April is National Alcohol Awareness Month, sponsored by the National Council on Alcoholism and Drug Dependence (NCADD), which works to raise awareness about the treatment and prevention of alcoholism, especially among today’s youth. This year’s theme is “Help for Today, Hope for Tomorrow,” and this month will be filled with local, state, and national events aimed at educating individuals about the treatment and prevention of alcohol addiction, particularly among youth, and the important role that parents can play in giving kids a better understanding of the impact that alcohol can have on their lives.
According to statistics, alcohol is the most commonly used addictive substance in the United States: 17.6 million people or one in every 12 adults are diagnosed with an alcohol abuse disorder and millions of more individuals engage in risky behaviors such as binge drinking that can potentially lead to alcohol abuse disorder. Alcohol abuse does not discriminate and can affect individuals from all walks of life, including those who are in the workforce, regardless if it is a corporate office job, a skilled labor job, or a customer service job. According to a study by the Substance Abuse and Mental Health Services Administration (SAMHSA), almost 9 percent of America’s full-time workers drink heavily on the job at least once a month. So how can you tell if your co-worker is battling an alcohol addiction?

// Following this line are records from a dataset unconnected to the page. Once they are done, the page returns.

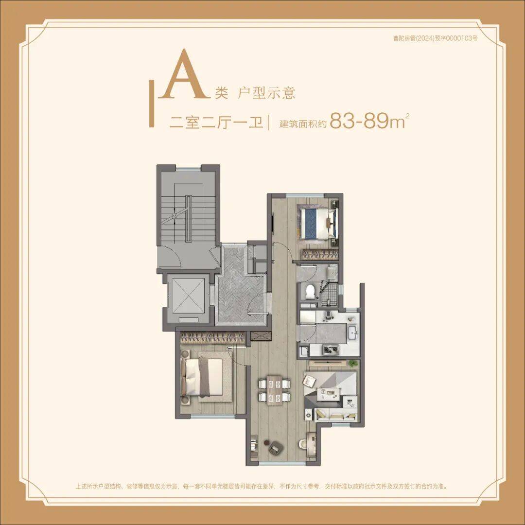 目前,宝华紫薇花园·公园道在售建面约83-89㎡2房及105/159㎡3房,全域精装、类一梯一户。
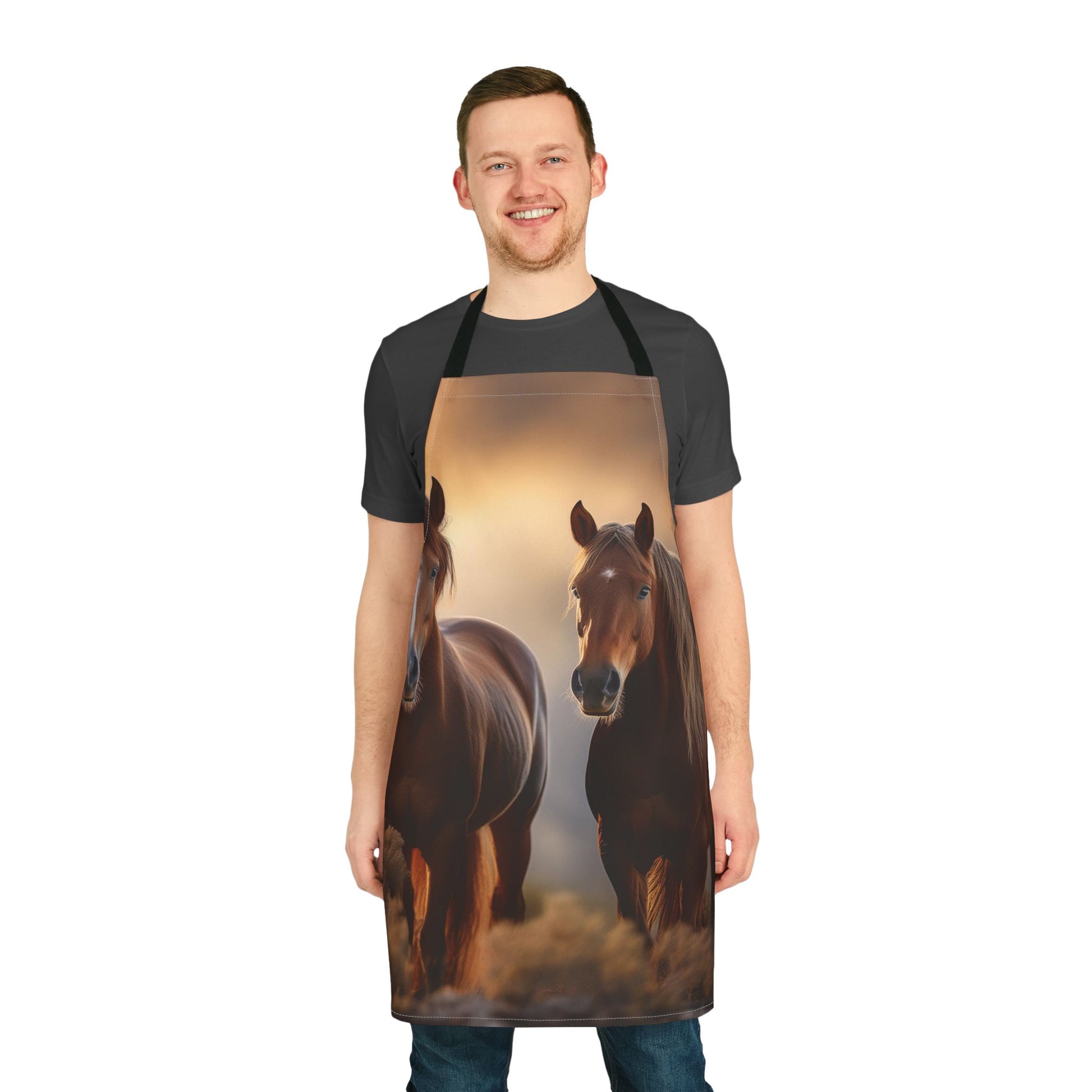 This apron evokes a sense of tranquility and timeless bond between these majestic creatures, making it a perfect choice for those who appreciate the quiet strength of nature. The gentle hues and soft fog create a peaceful, harmonious vibe that complements the powerful imagery of the horses.
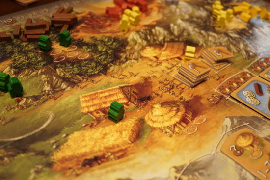 Le second élément hyper original du jeu et qui en fait sa particularité car, jusqu’à présent, peu voire aucun jeu ne l’a reprise : les ressources se gagnent aux dés !!! Et là, ça fait mal ! Nous qui choyons le côté cartésien des jeux modernes, dans l’Age de Pierre, nous allons lancer les dés qui vont indiquer combien de ressources on va pouvoir prendre. Le nombre d’ouvriers qu’on va consacrer à chaque action de récolte de ressources va déterminer le nombre de dés à lancer. Pire, il va falloir faire des calculs mentaux en divisant le résultat des dés par 2, 3, 4, 5 ou 6 en fonction de la ressource demandée. Et même si c’est le côté le plus rébarbatif de l’Age de Pierre, je le trouve hyper bien foutu. Evidemment, on va râler sur le résultat de certains lancés. Mais on va lancer tellement de fois les dés qu’on va également cacher notre joie lorsque les dés seront avec nous 😉

The four main areas that are compromised when a co-worker is struggling with an alcohol use disorder include workplace behavior, job performance, job attendance, and workplace relationships.
The Monday blues
Coming into work Monday morning with a hangover from heavy drinking on the weekends is always noticeable. Irritability, sensitivity to light, and a major headache are obvious signs and symptoms that your co-worker had a long night of drinking. It is more common than not to have a coworker binge drink their weekend away only to feel lethargic and unmotivated on Monday. Those who do come in on Monday may not be on top of their work game which may carry over into struggling to keep up with their workload. Others may call in sick with the “Monday flu,” sleeping off their weekend. Although technically what an individual does in their own time is their business, if their behavior or physical appearance carries over into their work performance or if they are under the influence on the job, then this immediately becomes the responsibility of the workplace, in particular, the human resources department.
The following are warning signs that your co-worker is struggling with an alcohol abuse disorder:
- Smelling like alcohol
- Walking with an unsteady gait
- Hangover symptoms including headaches, sensitivity to light, and irritability
- Unexplained changes in mood/behavior
- Having bloodshot eyes
- Sleeping while at work
- Decline in overall appearance including bad breath, wrinkled clothes, and disheveled hair
- Repeatedly using mints or mouthwash
- Avoiding supervisors
- Frequent tardiness
- Frequent use of sick leave
- Frequent absenteeism
- Bringing alcohol in a concealed container to work
- Difficulty concentrating
- Certain patterns of absenteeism (on Fridays, Mondays, or in the aftermath of payday)
- Unexplained disappearances while at work
- Withdrawal from contact with other co-workers or employees
- Frequent tense or strained interactions with others
- An unusual amount of time needed to complete a routine task
- Outbursts of aggression or belligerence toward others
- Missing assignment deadlines
- An unexplained decline in work quality
- Using multiple excuses to explain workplace deficiencies
What can you do when your co-worker is struggling with an addiction?
The most important thing to understand if you suspect your co-worker is struggling with alcohol abuse is to never ignore the issue. Even if you are sweeping this issue under the rug as a way to save your co-worker from getting fired, your coworker’s health and how it affects others are the most important factors here. You can try talking to your co-worker at first about what you have noticed in their behavior and whether he or she thinks they may have a problem; however, this can backfire on you, as many individuals with addiction are in denial and may act defensively and aggressively towards you. You may also consult with a supervisor or HR if you do not feel comfortable addressing this individual on your own. However, if the decision is made to confront the individual on a private one-to-one basis, here are a few suggestions to follow:
- Be nonjudgmental.
- Express your concerns for the individual’s health and safety and well as the health and safety of other coworkers.
- Do not accuse. Only report facts, such as how often you may smell alcohol on the person, if you have seen the person drinking, and specific behaviors that have been alarming.
- If possible, use examples of another individual you may know who have dealt with addiction and who underwent treatment.
Depending on the state in which you reside and the company, substance abuse is often a reportable offense and must be reported to either your supervisor or HR within a specific period of time. You may be putting your job security at risk if you do not report this co-worker, so it is always important to be clear about the company’s policy on drugs and alcohol use and reporting suspected instances. Regardless of whether you choose to speak to the individual on a one-on-one basis or report this to a higher level of authority, this is always a confidential issue, and depending on the specific state where you reside and the company of employment, substance abuse is not always grounds for immediate job dismissal.